There are several ways the throughput can be calculated and enforced. The default setting is “this thread only“, in my eyes however the most logical setting (based on the above requirements) is the “all active threads” setting.

  • this thread only – each thread, as defined in your Thread Group thread properties, will try to stick to the target throughput. This means that when you have 150 threads, your throughput will be 150 * Target throughput.
  • all active threads in current thread group – the target throughput is divided across the active threads in the thread group. In other words, this will give you the actual target throughput as you have configured. This throughput is for this specific thread group only!
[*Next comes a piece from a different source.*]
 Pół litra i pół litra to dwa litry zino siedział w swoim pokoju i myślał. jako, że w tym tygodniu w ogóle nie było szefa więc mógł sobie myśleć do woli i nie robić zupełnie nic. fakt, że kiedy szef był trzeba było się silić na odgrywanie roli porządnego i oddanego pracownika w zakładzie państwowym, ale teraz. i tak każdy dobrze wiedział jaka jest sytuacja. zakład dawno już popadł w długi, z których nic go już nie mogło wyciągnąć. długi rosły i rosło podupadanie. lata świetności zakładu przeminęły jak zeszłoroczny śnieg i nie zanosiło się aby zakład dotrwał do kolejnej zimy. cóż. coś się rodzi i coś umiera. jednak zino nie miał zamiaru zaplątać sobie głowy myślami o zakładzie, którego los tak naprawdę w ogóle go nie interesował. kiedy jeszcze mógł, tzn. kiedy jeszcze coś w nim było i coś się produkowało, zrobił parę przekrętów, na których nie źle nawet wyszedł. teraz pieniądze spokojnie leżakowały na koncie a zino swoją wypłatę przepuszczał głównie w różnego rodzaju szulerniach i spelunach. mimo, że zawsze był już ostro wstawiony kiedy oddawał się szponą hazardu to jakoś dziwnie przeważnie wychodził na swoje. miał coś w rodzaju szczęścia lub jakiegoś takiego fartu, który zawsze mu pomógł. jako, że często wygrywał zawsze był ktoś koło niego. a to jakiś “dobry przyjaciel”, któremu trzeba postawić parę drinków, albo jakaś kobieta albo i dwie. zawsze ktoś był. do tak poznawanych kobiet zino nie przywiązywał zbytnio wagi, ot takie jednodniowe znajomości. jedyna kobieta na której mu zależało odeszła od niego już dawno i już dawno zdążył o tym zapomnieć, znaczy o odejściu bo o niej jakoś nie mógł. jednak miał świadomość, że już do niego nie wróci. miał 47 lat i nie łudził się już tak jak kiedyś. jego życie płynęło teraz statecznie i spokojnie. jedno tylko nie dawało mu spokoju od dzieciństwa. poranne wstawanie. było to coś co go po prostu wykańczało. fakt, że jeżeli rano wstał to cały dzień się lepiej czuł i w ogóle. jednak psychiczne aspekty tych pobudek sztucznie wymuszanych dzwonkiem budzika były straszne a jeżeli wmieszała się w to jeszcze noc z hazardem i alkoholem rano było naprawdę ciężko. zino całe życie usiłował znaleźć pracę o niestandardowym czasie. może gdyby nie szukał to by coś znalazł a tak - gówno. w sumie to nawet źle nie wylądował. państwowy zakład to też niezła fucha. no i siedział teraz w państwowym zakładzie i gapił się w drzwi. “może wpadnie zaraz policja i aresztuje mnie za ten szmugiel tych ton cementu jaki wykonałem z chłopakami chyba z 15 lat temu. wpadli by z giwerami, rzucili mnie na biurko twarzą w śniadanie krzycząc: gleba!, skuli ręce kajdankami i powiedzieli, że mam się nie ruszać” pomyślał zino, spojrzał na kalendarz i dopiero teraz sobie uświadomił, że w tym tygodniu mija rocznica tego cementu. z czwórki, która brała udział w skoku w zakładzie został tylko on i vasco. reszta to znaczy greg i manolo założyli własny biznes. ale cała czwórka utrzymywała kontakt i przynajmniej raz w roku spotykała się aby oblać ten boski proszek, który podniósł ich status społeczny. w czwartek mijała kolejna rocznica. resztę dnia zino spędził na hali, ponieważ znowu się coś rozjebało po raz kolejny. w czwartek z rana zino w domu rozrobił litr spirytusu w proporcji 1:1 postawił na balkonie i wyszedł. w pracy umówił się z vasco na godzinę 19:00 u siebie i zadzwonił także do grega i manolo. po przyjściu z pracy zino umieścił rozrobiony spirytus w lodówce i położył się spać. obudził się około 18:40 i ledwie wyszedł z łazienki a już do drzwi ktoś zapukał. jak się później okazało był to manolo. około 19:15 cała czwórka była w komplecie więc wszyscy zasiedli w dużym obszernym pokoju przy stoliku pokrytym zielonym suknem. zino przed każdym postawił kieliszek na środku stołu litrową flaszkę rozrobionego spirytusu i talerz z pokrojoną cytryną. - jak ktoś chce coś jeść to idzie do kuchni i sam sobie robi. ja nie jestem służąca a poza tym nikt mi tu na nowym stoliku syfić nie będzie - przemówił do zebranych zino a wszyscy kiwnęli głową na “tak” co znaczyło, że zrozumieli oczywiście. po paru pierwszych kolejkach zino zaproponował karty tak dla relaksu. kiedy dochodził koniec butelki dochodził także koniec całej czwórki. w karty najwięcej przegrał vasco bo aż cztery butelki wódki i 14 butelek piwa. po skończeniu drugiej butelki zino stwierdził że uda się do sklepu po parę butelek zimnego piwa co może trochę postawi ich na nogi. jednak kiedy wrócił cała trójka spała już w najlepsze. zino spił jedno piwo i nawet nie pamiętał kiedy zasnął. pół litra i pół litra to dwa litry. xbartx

Threads themselves are delayed and started based on when this particular thread last ran. e.g.
  • all active threads – When you have more than one thread group, this setting becomes interesting. This will divide the target throughput across all active threads in all Thread Groups. Be aware, each Thread Group requires a Constant Throughput timer with the same settings for this to work.
  • all active threads in current thread group (shared) – Each thread is delayed based on when any thread in the group last ran, meaning the threads run consecutively rather than concurrently. For the rest this setting does exactly the same as the “all active threads in current threadgroup”, e.g. this will give you the actual target throughput as you have configured.
  • all active threads (shared) – Each thread is delayed based on when any thread in the group last ran, meaning the threads run consecutively rather than concurrently. Any thread here has again a wider meaning than in the previous setting, this setting runs across all threads and thread groups you have configured.

How do you know which setting you need?

These different settings can be quite confusing to any Jmeter user, even to experienced users. I would therefore recommend the following:

Make sure you put the constant throughput timer in the root of your testplan (e.g. at the highest level) and let it dictate the throughput of all of your threads and thread groups, e.g. “all active threads“. That way you know for sure what the actual throughput if your test is.

In the case of a somewhat complex environment, where you have several thread groups with each different amounts of requests per second, make sure you set the timer within the root of that particular thread group and stick to the “all threads in current thread group“.